Penilaian untuk melakukan resusitasi semata-mata ditentukan oleh tiga tanda penting, yaitu :
o Penafasan
o Denyut jantung
o Warna kulit

Nilai apgar tidak dipakai untuk menentukan kapan memulai resusitasi atau membuat keputusan
mengenai jalannya resusitasi. Apabila penilaian pernafasan menunjukkan bahwa bayi tidak
bernafas atau pernafasan tidak kuat, harus segera ditentukan dasar pengambilan kesimpulan
untuk tindakan vertilasi dengan tekanan positif (VTP).

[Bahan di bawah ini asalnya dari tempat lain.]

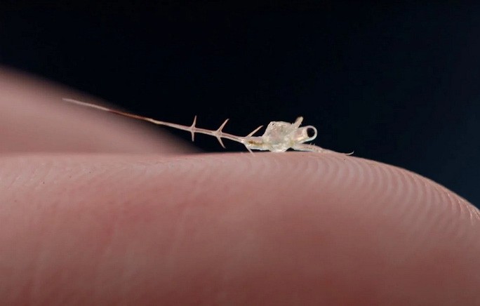 Một con rận nước gai trên ngón tay của một nhà nghiện cứu. Ảnh: Trung tâm Nghiên cứu các loài xâm lấn Minnesota

F. Persiapan Alat Resusitasi

Sebelum menolong persalinan, selain persalinan, siapkan juga alat-alat resusitasi dalam keadaan
siap pakai, yaitu :
2 helai kain / handuk.
Bahan ganjal bahu bayi. Bahan ganjal dapat berupa kain, kaos, selendang, handuk kecil,
digulung setinggi 5 cm dan mudah disesuaikan untuk mengatur posisi kepala bayi.
Alat penghisap lendir de lee atau bola karet.
Tabung dan sungkup atau balon dan sungkup neonatal.
Kotak alat resusitasi.
Jam atau pencatat waktu.

(Wiknjosastro, 2007).

G. Penanganan Asfiksia pada Bayi Baru Lahir

Tindakan resusitasi bayi baru lahir mengikuti tahapan-tahapan yang dikenal sebagai ABC
resusitasi, yaitu :

1. Memastikan saluran terbuka

- Meletakkan bayi dalam posisi kepala defleksi bahu diganjal 2-3 cm.
- Menghisap mulut, hidung dan kadang trachea.
- Bila perlu masukkan pipa endo trachel (pipa ET) untuk memastikan saluran pernafasan
terbuka.

2. Memulai pernafasan

- Memakai rangsangan taksil untuk memulai pernafasan


- Memakai VTP bila perlu seperti : sungkup dan balon pipa ETdan balon atau mulut ke mulut
(hindari paparan infeksi).

3. Mempertahankan sirkulasi
- Rangsangan dan pertahankan sirkulasi darah dengan cara
- Kompresi dada.
- Pengobatan

Detail Cara Resusitasi

Langkah-Langkah Resusitasi
Letakkan bayi di lingkungan yang hangat kemudian keringkan tubuh bayi dan selimuti tubuh
bayi untuk mengurangi evaporasi.
Sisihkan kain yang basah kemudian tidurkan bayi terlentang pada alas yang datar.
Ganjal bahu dengan kain setinggi 1 cm (snifing positor).
Hisap lendir dengan penghisap lendir de lee dari mulut, apabila mulut sudah bersih kemudian
lanjutkan ke hidung.
Lakukan rangsangan taktil dengan cara menyentil telapak kaki bayi dan mengusap-usap
punggung bayi.
Nilai pernafasanJika nafas spontan lakukan penilaian denyut jantung selama 6 detik, hasil
kalikan 10. Denyut jantung > 100 x / menit, nilai warna kulit jika merah / sinosis penfer lakukan
observasi, apabila biru beri oksigen. Denyut jantung < 100 x / menit, lakukan ventilasi tekanan
positif.
Jika pernapasan sulit (megap-megap) lakukan ventilasi tekanan positif.
Ventilasi tekanan positif / PPV dengan memberikan O2 100 % melalui ambubag atau masker,
masker harus menutupi hidung dan mulut tetapi tidak menutupi mata, jika tidak ada ambubag
beri bantuan dari mulur ke mulut, kecepatan PPV 40 – 60 x / menit.
Setelah 30 detik lakukan penilaian denyut jantung selama 6 detik, hasil kalikan 10.
100 hentikan bantuan nafas, observasi nafas spontan.
60 – 100 ada peningkatan denyut jantung teruskan pemberian PPV.
60 – 100 dan tidak ada peningkatan denyut jantung, lakukan PPV, disertai kompresi jantung.
< 10 x / menit, lakukan PPV disertai kompresi jantung.
Kompresi jantung
Perbandingan kompresi jantung dengan ventilasi adalah 3 : 1, ada 2 cara kompresi jantung :

a Kedua ibu jari menekan stemun sedalam 1 cm dan tangan lain mengelilingi tubuh bayi.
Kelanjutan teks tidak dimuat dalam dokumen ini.